But there are an infinite number of input parameters, as the input may be Continuous.
Given an output Y, all input parametersare independant of each other, i.e
$P(X|y_i) = \prod_j P(x_j|y_i)$
By modelling $P(x_j|y_i)$ as a Gaussian function, we have a total of $2n$ parameters for every $y_i$. In the case of the binary output, there are a total of $2n + 2n + 1$ parameters only, which reduces the complexity of the problem. $P(x_j|y_1) = 2n$ $P(x_j|y_2) = 2n$ $P(y_1) = \theta,\ P(y_2)=1-\theta$
This is called the Naive Bayes algorithm.
Since we are looking at the joint probability distribution, and if we know it, we can generate a sample. Hence this model is also known as a generative sample.
We can also model the entire problem as an N dimensional Gaussian without the [#Conditional Independance Assumption].
For this, we need an N dimensional $\vec{\mu}$ and a covarience matrix which has $\mathcal{O}(n^2)$
So here, we have a total of $\mathcal{O}(n^2)$. Hence, [#Conditional Independance Assumption] makes the parameter space linear in $n$.

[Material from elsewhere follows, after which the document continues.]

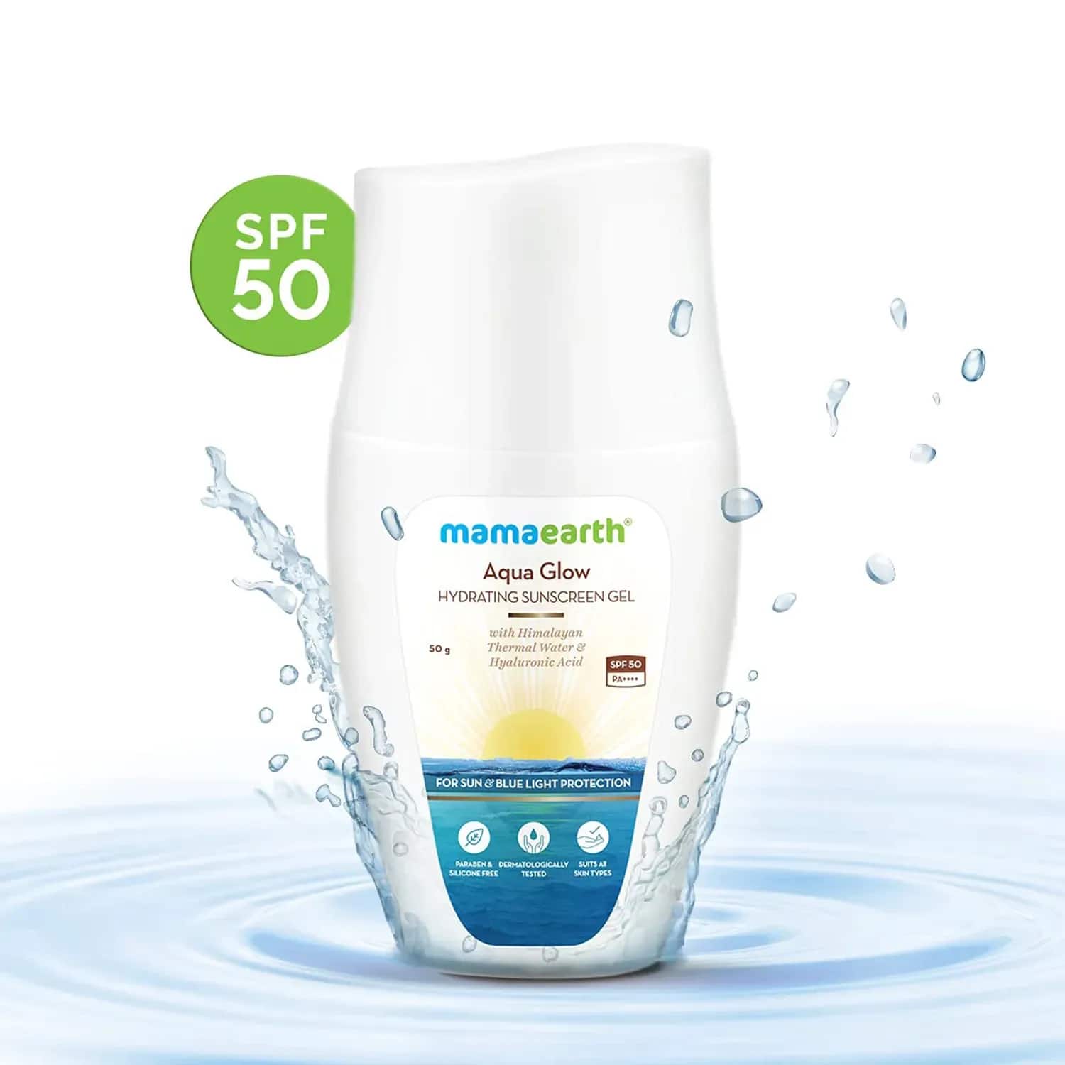 Mamaearth Aqua Glow Hydrating Sunscreen Gel, rich in minerals like Magnesium, Potassium & Calcium, Himalayan Thermal Water and is nature's answer to maintain the skin's protective barrier, keep it super hydrated and youthful. Light as a feather, the gel-based formula doesn't leave a white cast or feel heavy on the skin. And it does it all while giving you the ultimate boost of hydration. Here's a safe and natural aqua sunscreen that goes above and beyond. Protect your skin from blue light emitted from electronic screens with Aqua Glow Hydrating Sunscreen Gel. Hello, younger, clearer, and hydrated skin. Shield your skin from harmful UV A & B rays all day, every day! SPF 50 PA++++ protection is 16 times more powerful to protect you from the sun. Results? No sun damage, no pigmentation, and no tanning.Key Features & BenefitsProtects against UV A and B raysBlue light protectionUltra-light and hydrating formulaGoodness of Himalayan thermal waterSafe and naturalKey IngredientsAloe Vera - Helps stimulate both collagen and elastin fibres, boosting the elasticity of your skinHyaluronic Acid - Helps skin stretch and flex and reduces skin wrinkles and linesHow To UseApply sunscreen on a clean face, neck, and other exposed parts of the skin. Re-apply after every swim or in case of excessive sweating. Apply every 6 hours for complete protection. Can be used under makeup.All IngredientsHimalayan Thermal Water, Hyaluronic Acid, Aloe VeraAbout the BrandMamaearth was founded in September 2016 by Ghazal Alagh and Varun Alagh, to make skincare routines a little chic but with utmost care. Headquartered in Gurugram (India), Mamaearth is distinguished in the cosmetics industry of India as an online platform that offers natural and toxin-free skin care products.

Basically, constraining the Hypothesis space reduces the complexity of the ML problem.
We can further simplify the model further, by considering
$P(y_i|X) = \frac{1}{1+\exp(\sum\beta_i x_i)}$
This model has only $n+1$ parameters.
P(y_1|X) = P(y_2|X) $\implies 0 = \sum \beta_i x_i$
That is, our discrimination boundary is a plane. If the data cannot be cut by the plane, then we cannot use this assumption.
Constraint defined on our hypothesis set is known as a Language Bias, and it is our choice which Language Bias to pick.